- [TASK GOAL]: Would you return the data exactly as given, except for its pictures?

- [DATA EXCERPT]:
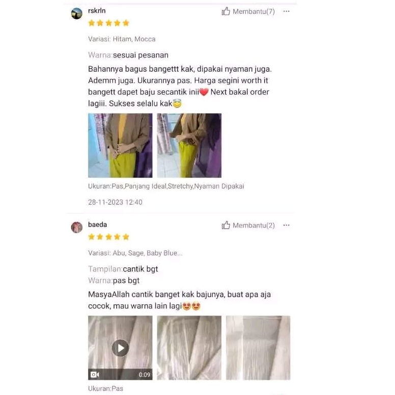 MOCCA, PUTIH BW, HITAM, IVORY, FUCHIA, LEMON, DUSTY, BABY BLUE, SAGE, ABU TUA
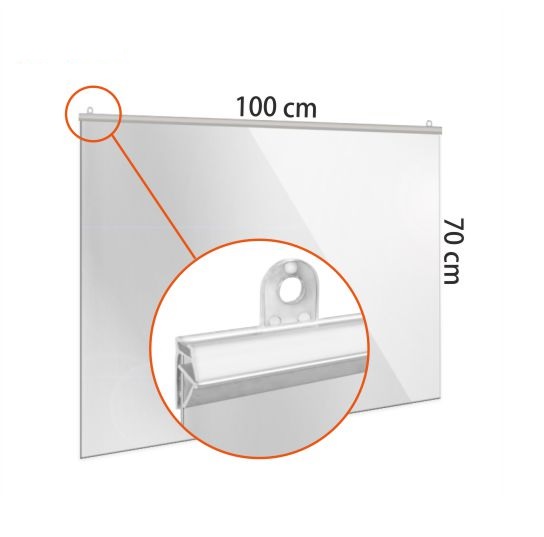 – materiał mocowany za pomocą listwy zaciskowej, znajdującej się na górze
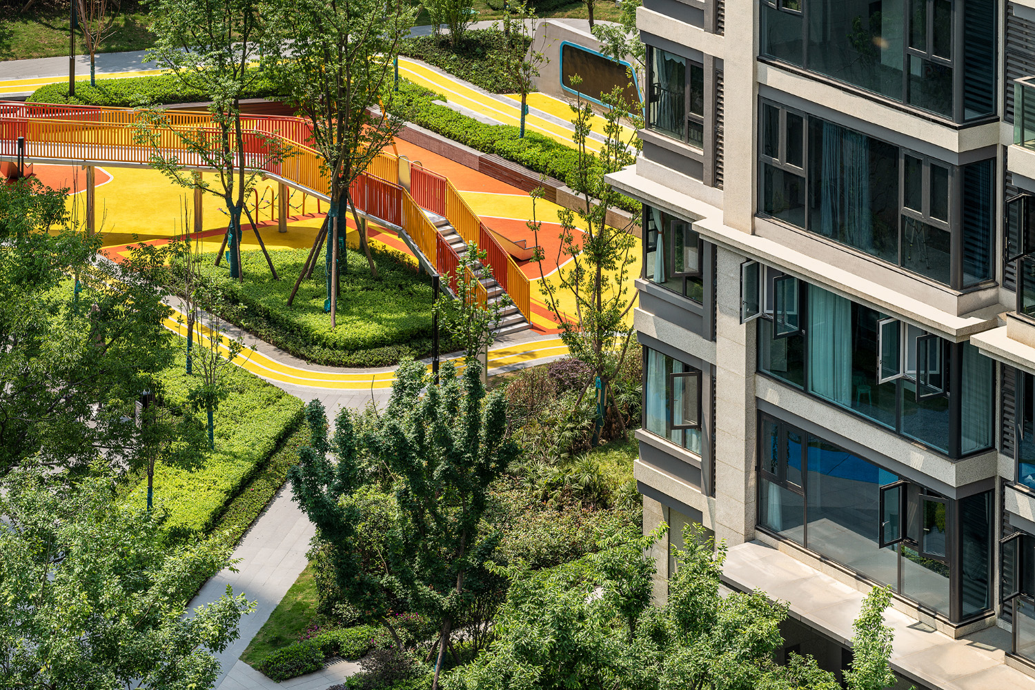 格柵、光影、留白為社區(qū)平添了迷人的靜謐之感。項(xiàng)目不僅充分考慮與城市外部空間環(huán)境的融合,也非常注重內(nèi)部建筑形態(tài)尺度的變化與雕琢。
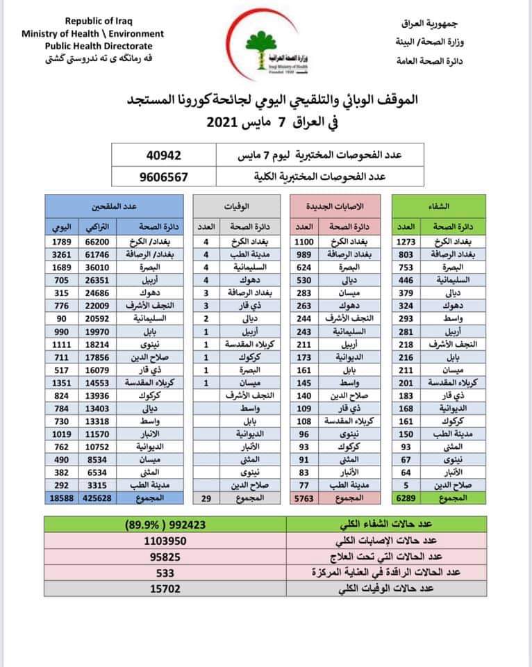 وذكرت الصحة في بيان حصلت وكالة أنباء عراقيون على نسخة منه “تم تسجيل 5763 إصابة جديدة ، و6289 حالة شفاء ، و29 حالة وفاة”.

- [RESPONSE BELOW]:
 MOCCA, PUTIH BW, HITAM, IVORY, FUCHIA, LEMON, DUSTY, BABY BLUE, SAGE, ABU TUA
 – materiał mocowany za pomocą listwy zaciskowej, znajdującej się na górze
 格柵、光影、留白為社區(qū)平添了迷人的靜謐之感。項(xiàng)目不僅充分考慮與城市外部空間環(huán)境的融合,也非常注重內(nèi)部建筑形態(tài)尺度的變化與雕琢。
 وذكرت الصحة في بيان حصلت وكالة أنباء عراقيون على نسخة منه “تم تسجيل 5763 إصابة جديدة ، و6289 حالة شفاء ، و29 حالة وفاة”.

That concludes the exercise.